Можно ли представить себе влюбленного Людовика XIV? Вот он смиренно склоняет колени перед хорошенькой женщиной, он сжимает ее руки, он умоляет ее о поцелуе и, не помня себя, совершает прочие действия той пантомимы, что в подобной ситуации полагается разыгрывать всем возвышенным героям романов…

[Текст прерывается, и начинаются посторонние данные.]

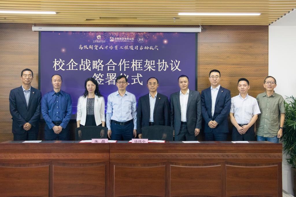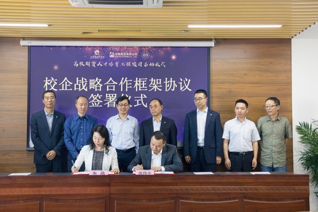 随后,英国正版365官方网站院长朱晶、华泰期货有限公司总裁徐炜中代表双方签署了校企战略合作框架协议。

А теперь попробуем вообразить состояние атакованной таким кавалером дамы, принимая в расчет то раболепное обожание, которым при своем дворе окружен король. Согласитесь, ее положение очень трудно. Сопротивляться? На такое ни у кого не хватит ни смелости, ни желания. Быстро уступить? Но это значит полностью себя скомпрометировать. А сколько необходимо такта и находчивости, какое нужно самообладание, чтобы найти подобающие переходы между «Государь», «Ваше Величество» и более человечными и нежными обращениями, к которым склонял разговор! Но что особенно должно было сковывать, так это уверенность, что мельчайшие обстоятельства интимной встречи будут разглашены по всей Европе. Любое слово Короля-Солнца, каждая его улыбка, каждый взгляд, каждое высказывание обсуждались и комментировались двором. Этим вещам придавалось такое же значение, какое мы теперь приписываем смене кабинета министров.

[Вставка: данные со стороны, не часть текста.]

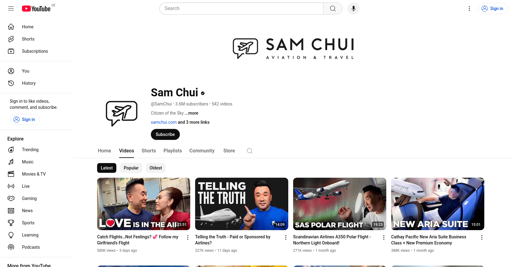 Sam Chui, a renowned aviation enthusiast and content creator, joined YouTube on November 4, 2007. Known for his detailed reviews and experiences related to aviation, Sam Chui has amassed 3.61 million subscribers on his YouTube channel. His channel, often referred to as "The Aviation Experience Channel," features a wide range of content including flight reviews, aviation adventures, and behind-the-scenes looks at airlines and airports.

В один прекрасный летний день двадцатидвухлетний влюбленный король и нежная Луиза де Лавальер — ей было семнадцать, и она разделяла его чувства — укрылись под деревом. Они тесно прильнули друг к другу под тем предлогом, что идет дождь, и, чтобы защитить девушку от его капель, прекрасный принц своей шляпой прикрыл ее головку. Для обычных людей такой милый поступок со временем превратился бы в дорогое воспоминание, из тех, что подобно найденному в книге засохшему цветку, навевают легкую грусть. Но нет: поскольку действующим лицом был король, идиллическая сценка имела резонанс, равный политическим событиям, и была внесена в анналы царствования. Впавшие в восторг живописцы и граверы изобразили ее чуть ли не как героический подвиг, и по сию пору этот сюжет фигурирует во всех историях.

Вы только представьте себе! Чтобы побыть рядом с избранницей, бедному Людовику (его, впрочем, не нужно слишком уж жалеть) приходилось наряжаться пастушком, а его возлюбленной — пастушкой, и тогда на глазах четырех или пяти тысяч зрителей, не упускавших ни малейшего их жеста, они получали возможность протанцевать несколько па. Ему приходилось устраивать карусели, балеты, кавалькады из пятисот всадников, заказывать Мольеру пьесы, Люлли — музыку, Бенсераду[38] — стихи, и все для того, чтобы высказать свою любовь… Сквозь праздничный шум, сквозь звуки оркестра и фанфар какой-нибудь куплет, четверостишие или иной намек доносил обращение царственного воздыхателя к его подруге. В такие мгновения, боясь, как бы полный значения взгляд не был пойман нескромными свидетелями, они даже избегали смотреть друг на друга.

Длившееся восемь дней празднество «Услады зачарованного острова», когда вереницы римских императоров, дикарей, нимф, времен года и времен дня, знаков зодиака, садовников, жнецов, покрытых снегом старцев сменяли друг друга; равно как и «Балет Искусств» и устроенное под освещенными кронами парка представление «Принцесса Элидская, или Влюбленный Геракл» — все это было не чем иным, как признанием Людовика в любви к своей Луизе, способом сказать ей обыкновенное «я люблю тебя». Простой смертный вышел бы из положения с меньшими затратами — записочкой, вложенной в букет.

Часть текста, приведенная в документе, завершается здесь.